--- What you should do ---
Reproduce the entire listing exactly. Leave the pictures out.

--- Dataset section ---
☆ ☆ ☆

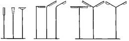 Необходимо также упомянуть о типе опоры с одним венчающим светильником, накрытым сверху крышей, – отражателем. Эти светильники с лампами накаливания или люминесцентными редко применяются для освещения больших улиц. Чаще их устанавливают на малых улицах, небольших площадях, вокруг памятников, у входов в парки и в некоторых других местах города, где желательно выделить более освещенную небольшую площадь.
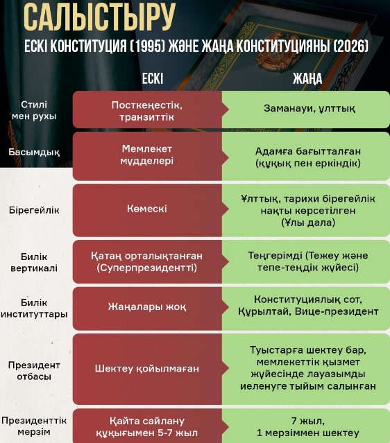 Осылайша, жаңа Конституция елдің тарихи-мәдени құндылықтарын сақтай отырып, басқару жүйесін теңгерімді әрі заманауи стандарттарға сәйкестендіріп отыр.
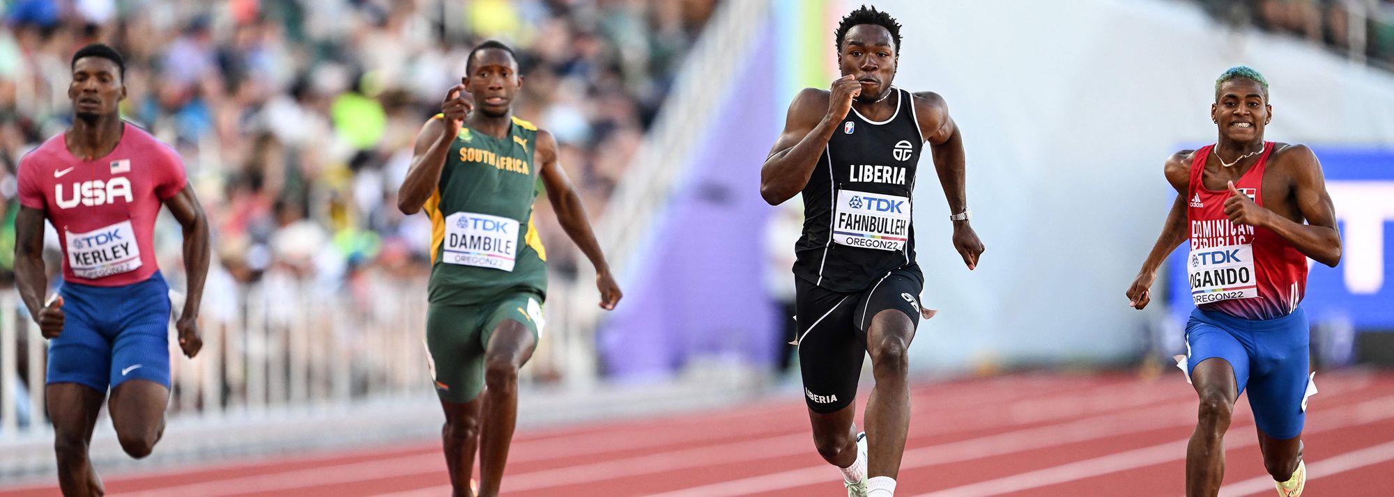 Liberia's Joseph Fahnbulleh in the 200m semifinals at the World Athletics Championships Oregon22 (© AFP / Getty Images)
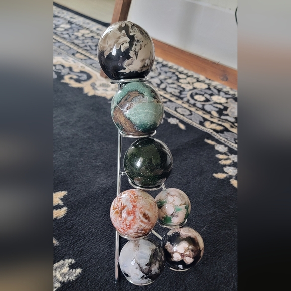 From the bottom up: moonstone and black agate, red and cream colored sphere(don't remember name) and green agate, green sandstone, I don't remember what the teall and brown one is called, and the very tip is another black agate.

☆ ☆ ☆

--- Answer to the problem ---
 Необходимо также упомянуть о типе опоры с одним венчающим светильником, накрытым сверху крышей, – отражателем. Эти светильники с лампами накаливания или люминесцентными редко применяются для освещения больших улиц. Чаще их устанавливают на малых улицах, небольших площадях, вокруг памятников, у входов в парки и в некоторых других местах города, где желательно выделить более освещенную небольшую площадь.
 Осылайша, жаңа Конституция елдің тарихи-мәдени құндылықтарын сақтай отырып, басқару жүйесін теңгерімді әрі заманауи стандарттарға сәйкестендіріп отыр.
 Liberia's Joseph Fahnbulleh in the 200m semifinals at the World Athletics Championships Oregon22 (© AFP / Getty Images)
 From the bottom up: moonstone and black agate, red and cream colored sphere(don't remember name) and green agate, green sandstone, I don't remember what the teall and brown one is called, and the very tip is another black agate.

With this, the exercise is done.